Karzai condemns US for killing school children
Tue, 29 Dec 2009 08:28:04 GMT

http://www.presstv.com/detail.aspx?id=1 ... =351020403



Afghan President Hamid Karzai

Afghan President Hamid Karzai protests the US military's targeting of civilians after a US raid killed at least eight school children in the east of the war-torn country.

Karzai's office on Monday issued a statement in which it condemned the killings that reportedly took place on Saturday in Kunar province near the border with Pakistan.

"Initial reports indicate that in a series of operations by international forces in Kunar province... 10 civilians, eight of them school students, have been killed," the statement said.

"President Karzai strongly condemns the operation which caused civilian deaths and has appointed a delegation to investigate the incident," it added.

The angry statement comes as Afghan authorities fear a rise in the civilian death toll as investigations are ongoing.

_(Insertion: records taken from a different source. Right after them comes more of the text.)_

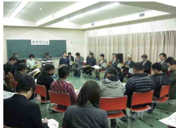
川西農業者研修センター(H27.11.4)

★(お問い合わせ先)帯広市教育委員会 学校教育部 企画総務課 電話65-4201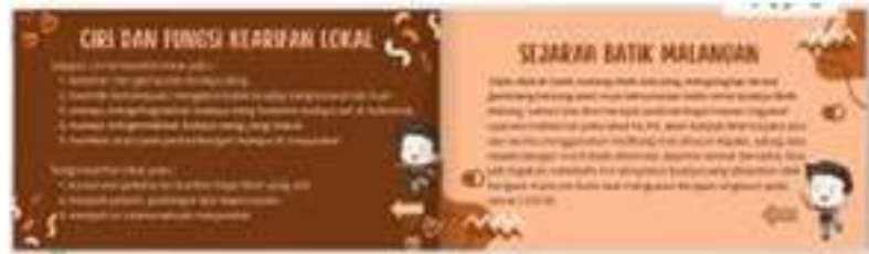
Gambar 1.5 Slide Keenam dan ketujuh

Didalam slide keenam dan ketujuh disambung dengan ciri dan fungsi kearifan lokal dan sejarah batik malangan.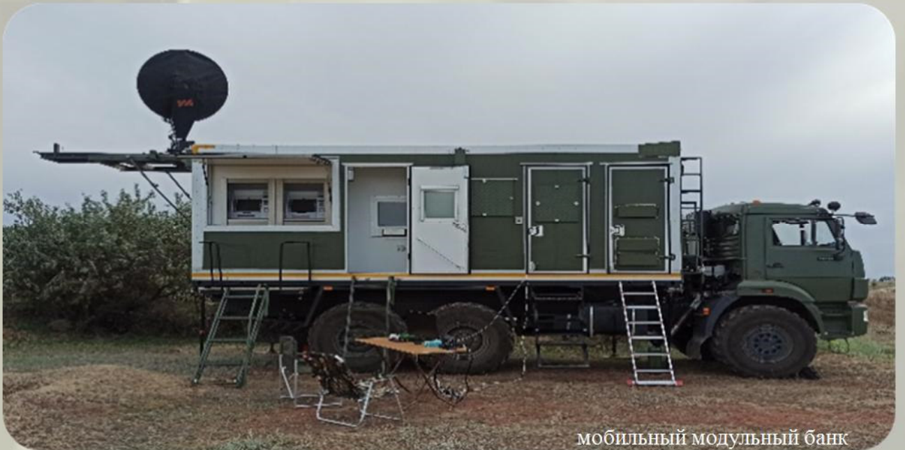
мобильный модульный банк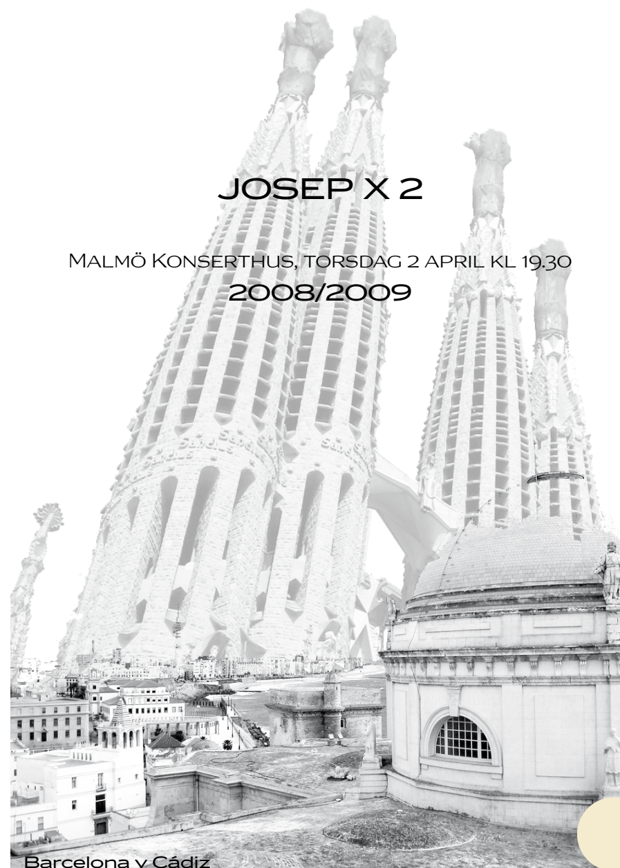
Barcelona y Cádiz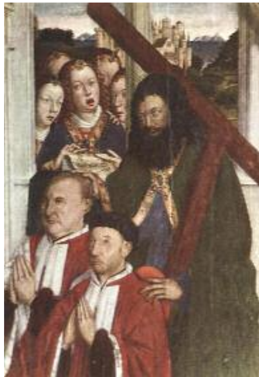
هانس بالډونگ Hans Baldung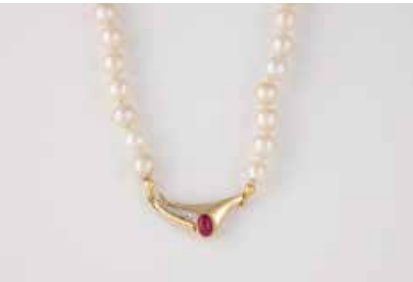
354 | PERL-COLLIER MIT EDELSTEIN-SCHLIESSE Gelbgold. L. 42,5 cm, Ges.-Gew. ca. 28,1 g. Gest. 585. D. der Perlen ca. 7,2 mm, Schließe mit einem ovalen Rubin-Cabochon, ca. 0,6 ct., ein Diamant im 8/8-Schliff. Einlieferung aus Juwelierschließung. € 160,-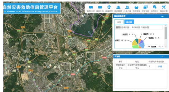
物资储备模块信息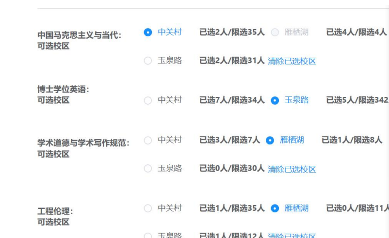
图3 “公共必修课”课程报名

第三步，学生报名“公共必修课课程学习”项目时，须点击课程对应的校区，单击“点击报名”，即完成报名，见图3。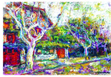
谌孝安《思南路周公馆》

此次展览由上海久事美术馆、上海粉画艺术创作沙龙主办，上海久事文化传播有限公司承办。据悉，展览将举办至10月26日。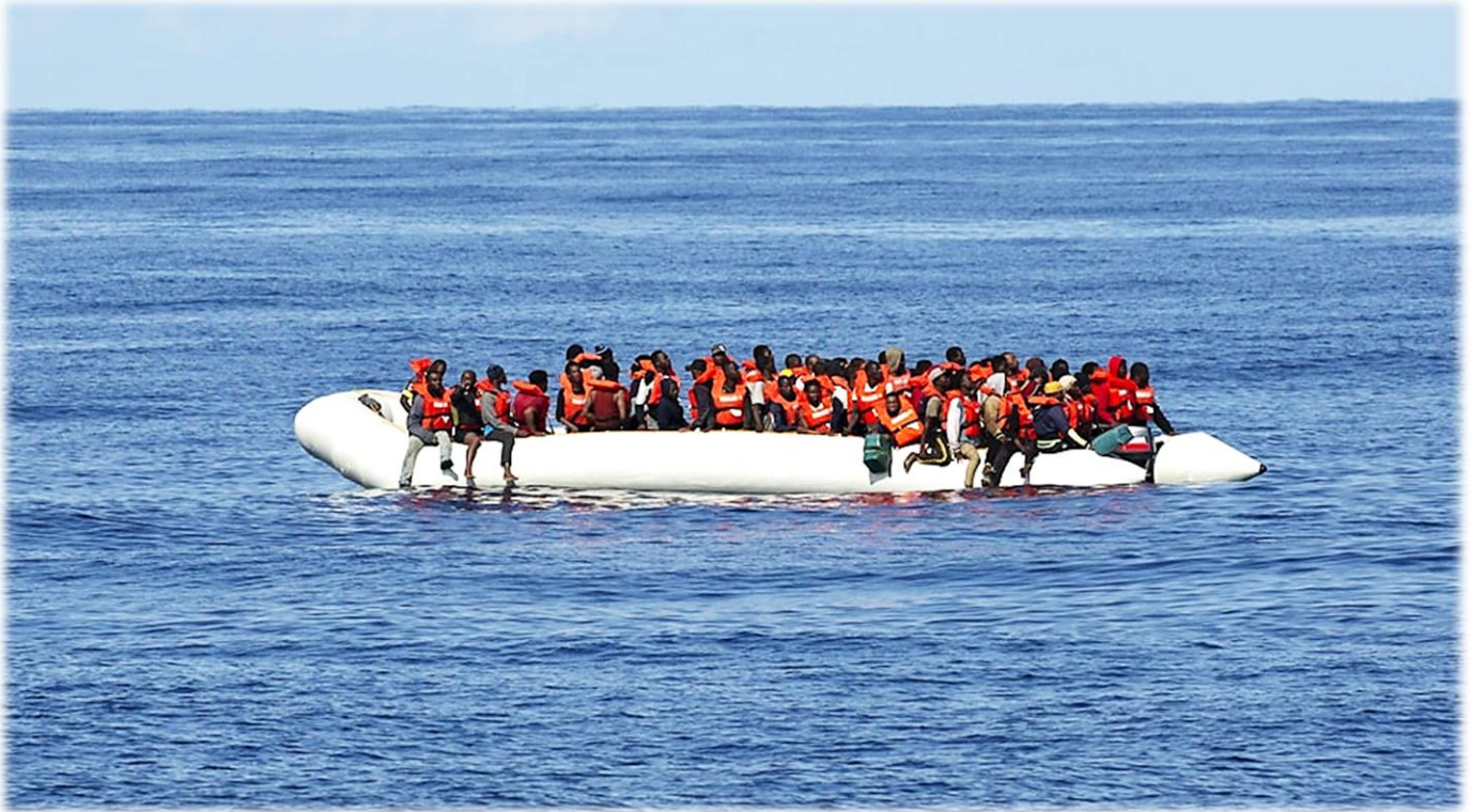
Bild: Flyktingar på medelhavet på väg mot Europa.

NATO's International Security Assistance Force, also known as ISAF, has reportedly said it had no information on any operations or casualties in Kunar.

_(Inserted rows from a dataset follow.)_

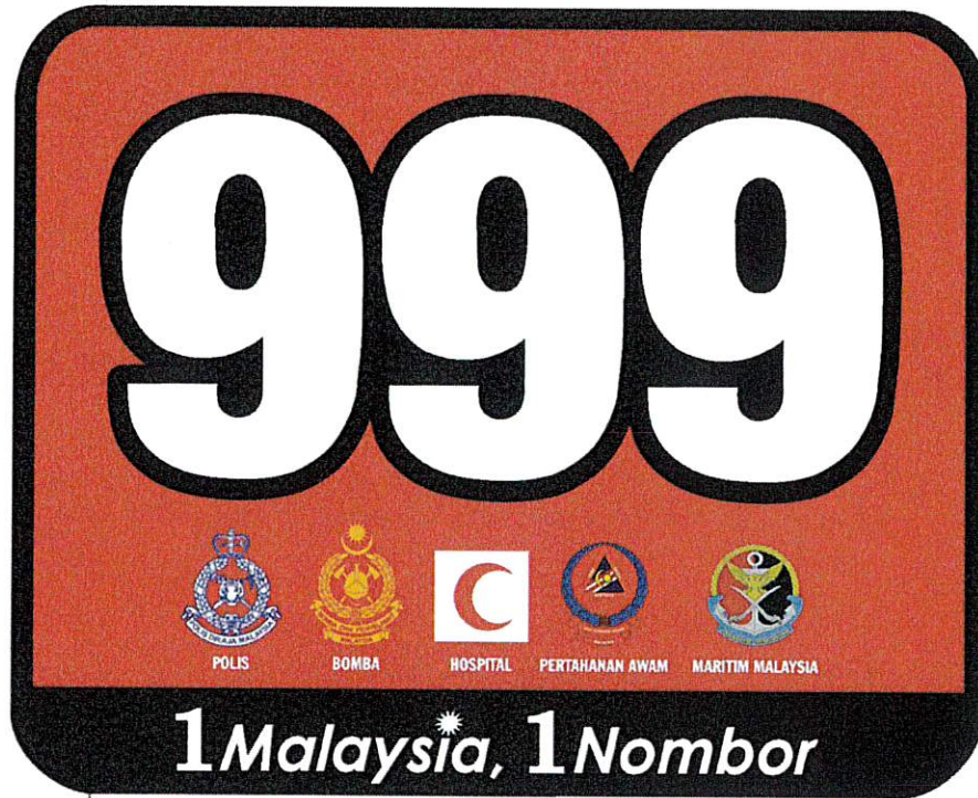
Logo MERS 999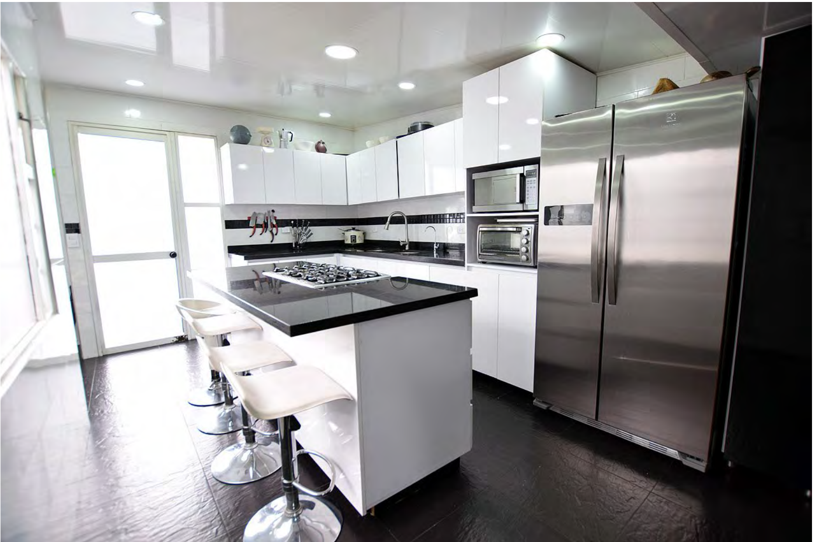
Espacios completos de alacena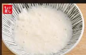
◆とろろ 200円 (税込220円)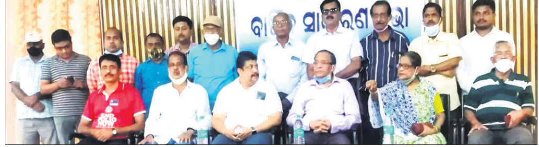
ବାର୍ଷିକ ସାଧାରଣ ସଭାରେ ଉପସ୍ଥିତ ପୁରାତନ ଛାତ୍ରସଂସଦର କର୍ମକର୍ତ୍ତା ।

But a senior Western military official disclosed that US special forces have been conducting operations in the border regions of Kunar.

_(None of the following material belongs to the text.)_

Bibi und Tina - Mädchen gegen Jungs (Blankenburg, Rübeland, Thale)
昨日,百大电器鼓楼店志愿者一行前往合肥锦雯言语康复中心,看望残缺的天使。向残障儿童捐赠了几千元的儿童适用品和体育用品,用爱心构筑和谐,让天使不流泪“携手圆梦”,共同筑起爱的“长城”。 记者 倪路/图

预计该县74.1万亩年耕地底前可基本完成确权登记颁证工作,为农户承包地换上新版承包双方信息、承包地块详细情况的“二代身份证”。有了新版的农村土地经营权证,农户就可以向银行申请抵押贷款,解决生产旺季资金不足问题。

"They have been killing a lot of Taliban and capturing a lot of Taliban" during operations conducted independently of NATO and coalition forces, he told AFP on condition of anonymity.

The indiscriminate targeting of civilians prompted Kunar parliamentary representatives to storm out of an important debate on appointments to Karzai's new cabinet in a show of protests.

Ever-increasing civilian deaths in the 8 years of large foreign military presence since the US-led invasion of Afghanistan in 2001 have exhausted people in the war-weary nation.

Earlier in December, Karzai condemned the killing of six civilians during a NATO raid as Washington vowed US troop reinforcements would keep civilian deaths to a minimum. The US and NATO have pledged to send an additional 40,000 forces in Afghanistan for the coming year.